“İşte”, hepimizin bildiği sözlük anlamıyla çıkar karşımıza sık sık, bir şeyi gösterirken işte deriz, anlatılan bir şey bitince ya da önemini vurgulamak için işte deriz.
Ama sinsi sinsi bir anlamı da var, sözcüğün sonuna sözü edilen kişiyi, biraz gıcık etmek, biraz da aşağılamak için yerleşiverir.
“çalışıyor işte”
“gidip geliyor işte”
Bazen hayat öylesine kocaman bir “işte” olur ki, yaşarız işte, sanki bir görev gibi, tamamlanması gereken bir iş gibi. İşte hayat dersen, bir kucaklarsın, sanki pencereyi açar mis gibi havayı içine çekersin, belki de en sevdiğin işi yapıyorsun ve belki de sırılsıklam aşıksın, ama, “hayat işte” dersen, çektiğin çile mi, hayatın muziplikleri mi gelir aklına bilinmez. Belki de yıllarca razı olmuşluk adına bir iç geçirme, pencereleri sıkı sıkı kapatmadır, o “işte”.

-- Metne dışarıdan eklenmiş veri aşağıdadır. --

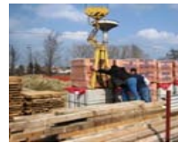
ATTIVITA' DI CANTIERE
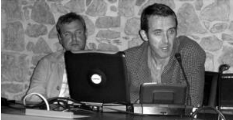
Siadecoren egindako diagnosiaren aurkezpena, herenegun, udaletxean, I. Turismo Jardunaldietan.

▶ Enplegua. 2003an %7,5eko pisua zuen ostalaritzak, Gipuzkoaren parean eta EAEko mailaren azpitik (%8,6). Sortutako enplegua %4,4 zen, Gipuzkoakoaren (%5,3) eta EAEkoaren (%5,2) azpitik. ▶ Ostatuak eta okupazioa.
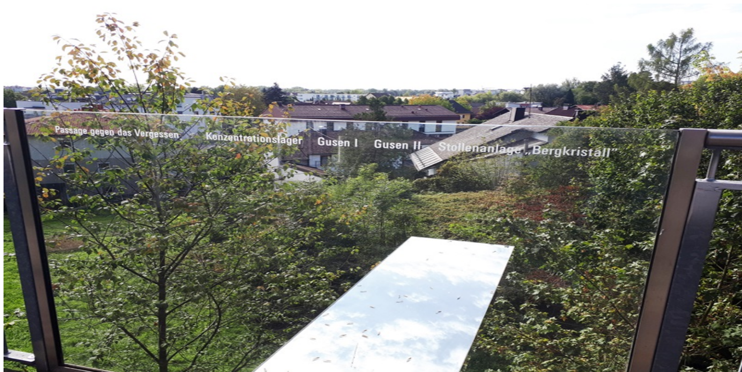
Instalacja upamiętniająca ofiary obozu Gusen, St. Georgen, Górna Austria 2018 r. Wyjazd Pamięci zorganizowany do KL Mauthausen-Gusen przez IPN w Poznaniu oraz Stowarzyszenie Rodzin Polskich Ofiar Obozów Koncentracyjnych.

https://przystanekhistoria.pl/pa2/tematy/usa/91505,Wyzwolenie-KL-Gusen-I-i-II-przez-wojska-amerykanske-5-maja-1945-r.html
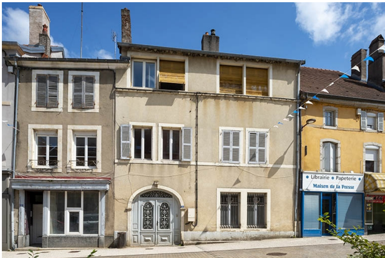
La rue Gambetta : n° 14. 70, Jussey rue Gambetta
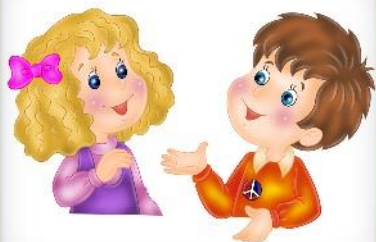
Мальчик или девочка, имя и фамилия
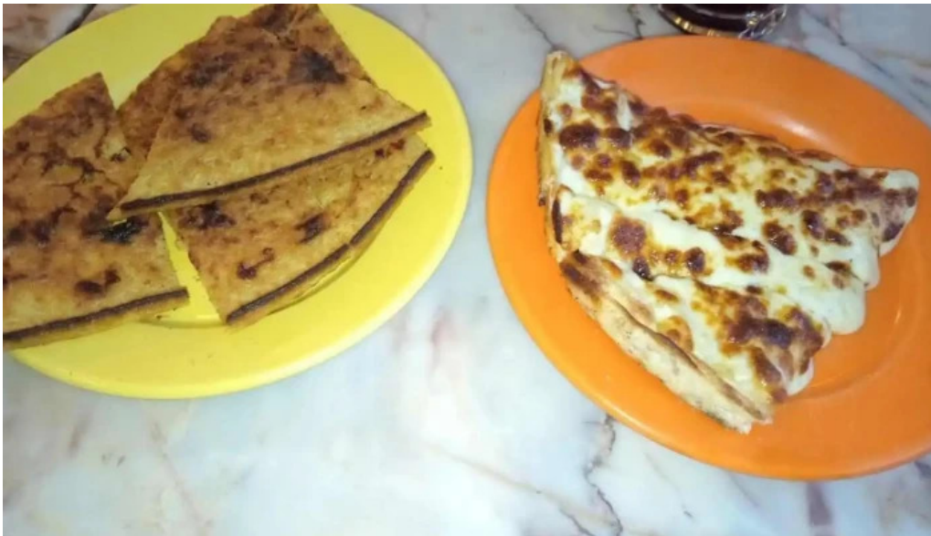
Bar tasende mas recientes
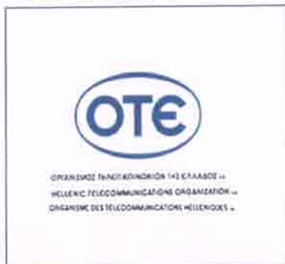
Εταιρία σταθερής τηλεφωνίας Ο.Τ.Ε.
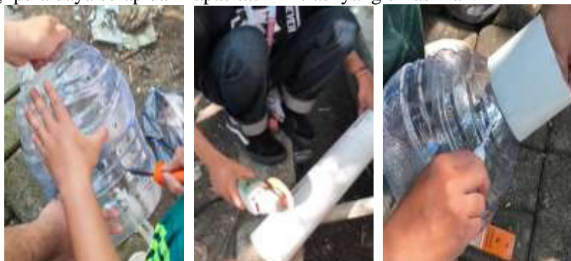
Gambar 4. Proses pembuatan biopori

Kegiatan pembuatan biopori dilaksanakan di kantor kelurahan Balas Klumpruk mengikuti arahan kepala kelurahan. Secara teknis, proses pembuatan dimulai dengan menyiapkan komponen utama yakni galon plastik dan pipa PVC. Galon dipotong dan dilubangi menggunakan solder, sedangkan pipa dipotong sesuai ukuran yang dibutuhkan untuk menjadi saluran pemasukan sampah organik. Selanjutnya, seluruh komponen dirangkai menjadi satu kesatuan sesuai desain biopori yang telah dirancang sebelumnya. Penyesuaian ukuran dan desain didasarkan hasil pengkajian dan pengembangan dari penelitian sebelumnya, guna meningkatkan efektivitas daya serap dan efisiensi penggunaan bahan daur ulang sehingga sesuai Peraturan Menteri Negara Lingkungan Hidup NO 12 Tahun 2009 bahwa lubang resapan biopori dipasang tegak lurus ke dalam tanah dengan diameter 10-25 cm. Semakin banyak jumlah lubang ventilasi dan semakin besar diameter biopori maka semakin tinggi pula daya serap dan kapasitas infiltrasi yang dihasilkan.
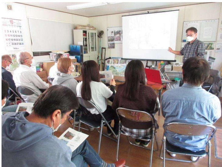
◇ 里山保全実践講座① 大学生が5名出席
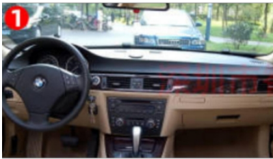
1. Zentrales Steuerungsdiagramm des Originals Fahrzeug
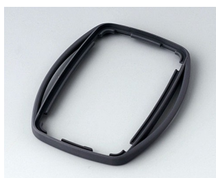
B9004752 Bague intermédiaire EM TPE lava
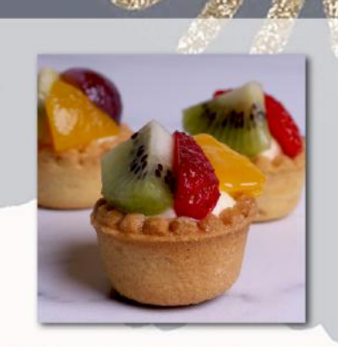
Τάρτα xss • Tart xss
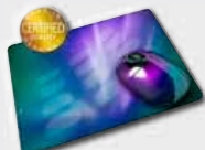
AXOEdition Ausgewählte Motivversionen und Designvarianten
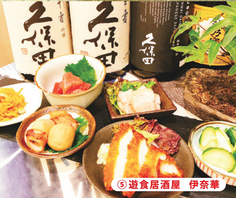
⑤ 遊食居酒屋 伊奈華
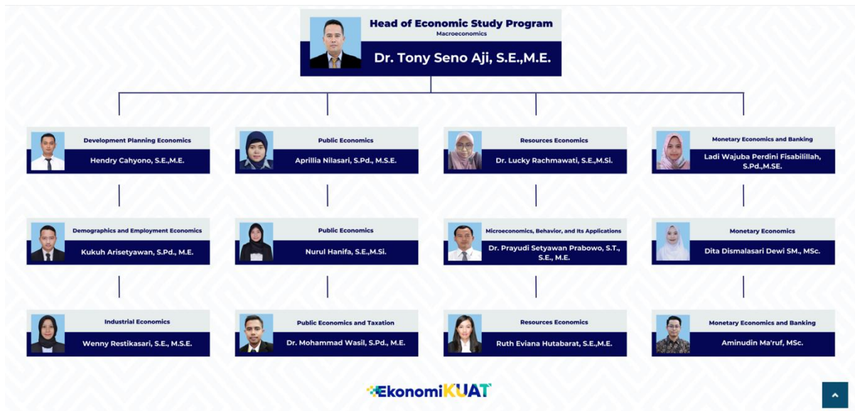
Gambar 3.1 Struktur Organisasi Program Studi S1 Ekonomi

Gambar diatas dapat terlihat struktur organisasi yang ada di level program studi S1 Ekonomi. Prodi S1 Ekonomi dipimpin oleh Koordinator Program Studi, yang dibawahnya terdapat beberapa tim structural seperti, tim kurikulum, tim unit penjaminan mutu (UPM), tim pengelola pusat studi. Jumlah dosen yang dimiliki oleh prodi S1 Ekonomi terdapat 14 dosen.
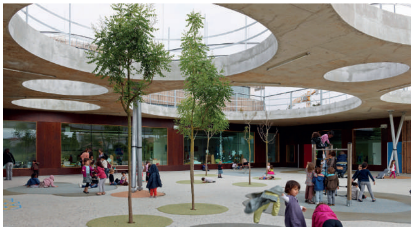
Gruppe scolaire Lucie Aubrac, Toulouste, 2012. Laurens & Loustau arch.

L'appel d'offres, qui est la procédure traditionnelle d'achat des fournitures, n'est donc pas approprié aux marchés de prestations intellectuelles. C'est d'ailleurs pour cette raison qu'il est proscrit en procédure formalisée dès qu'il y a conception architecturale.
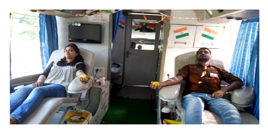
Blood donation camp on 22 Aug.2017
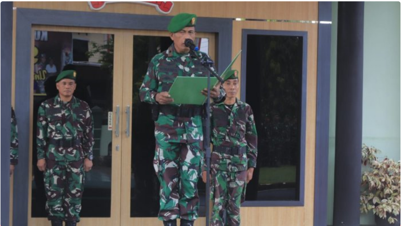
Makna Upacara Bendera Merah Putih Dibulan Suci Ramadhan Bagi Prajurit Kodim 1006/Banjar

MARTAPURA - Bagi Prajurit TNI AD Upacara Pengibaran Bendera Merah merupakan suatu keharusan dilaksanakan.
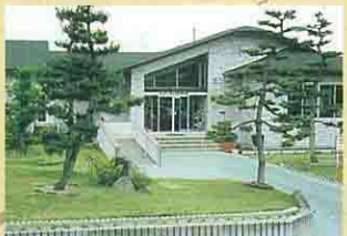
町立歴史民俗資料館

内陸型農耕資料のほとんどを収蔵し一堂に展示している県内唯一の資料館である。 また、1984年に重要有形民俗文化財に指定された「岩谷十八夜観音庶民信仰資料」や山形県史の古墳時代(後期)集落の代表的な遺跡「三軒屋物見遺跡」からの出土品の数々も展示されており、館の傍らには同遺跡の竪穴式住居が復元されている。 ・開館時間/9:30-16:30 ・休館日/毎週月曜日、祝日(一部を除く) ・観覧料/大人100円、学生50円、小・中学生30円 ◆お問い合わせ: 中山町立歴史民俗資料館 ☎0236-62-2175

Birisinden bahsederken de, “çalışıyor işte,” denir, yaptığı iş önemsizleştirerek, oyalanıyor gibi. Belki tutkuyla yaptığı bir işi, annesi ya da babası, “gidip geliyor işte,” diye bir anda önemsizleştirir. Ama kolay kolay bir Genel Müdür, bir yönetici için, “bir şirkette Genel Müdür işte,” demez kimse.
“okulu bitirir, en azından öğretmenlik yaparsın işte,”
Ne yazık ki, hangi işi yaparsan yap, severek yap gibi bir mantıkla yetiştirilemediğimiz toplumda, öğretmenlik gibi kutsal bir meslek için, – bugün edebiyat ve yabancı dil tutkumu ortaokul öğretmenlerime borçlu olduğumu her zaman söylerim- ne yazık ki, bir kadınsan, “okulu bitirir, en azından öğretmenlik yaparsın işte,” denerek, sondaki işte kullanımıyla eğitime verdiğimiz önem bir kez daha vurgulanıyor.
Gelecek korkusu, kaygısı ve sorumluluklar bizi, hep güvenceli bir hayatın arayışına iterken, “işte” li yaşamlar başlar. Çocuklukta aileyle başlar bu “işte” ler, sınavlarla dolu geçen bir hayatta, tüm sınavları başarıyla versen de, bir bakarsın, senden “çalışıyor işte, gidip geliyor işte,” diye söz edilir ve sonunda da “yaşadı işte,” diye uğurlanırsın.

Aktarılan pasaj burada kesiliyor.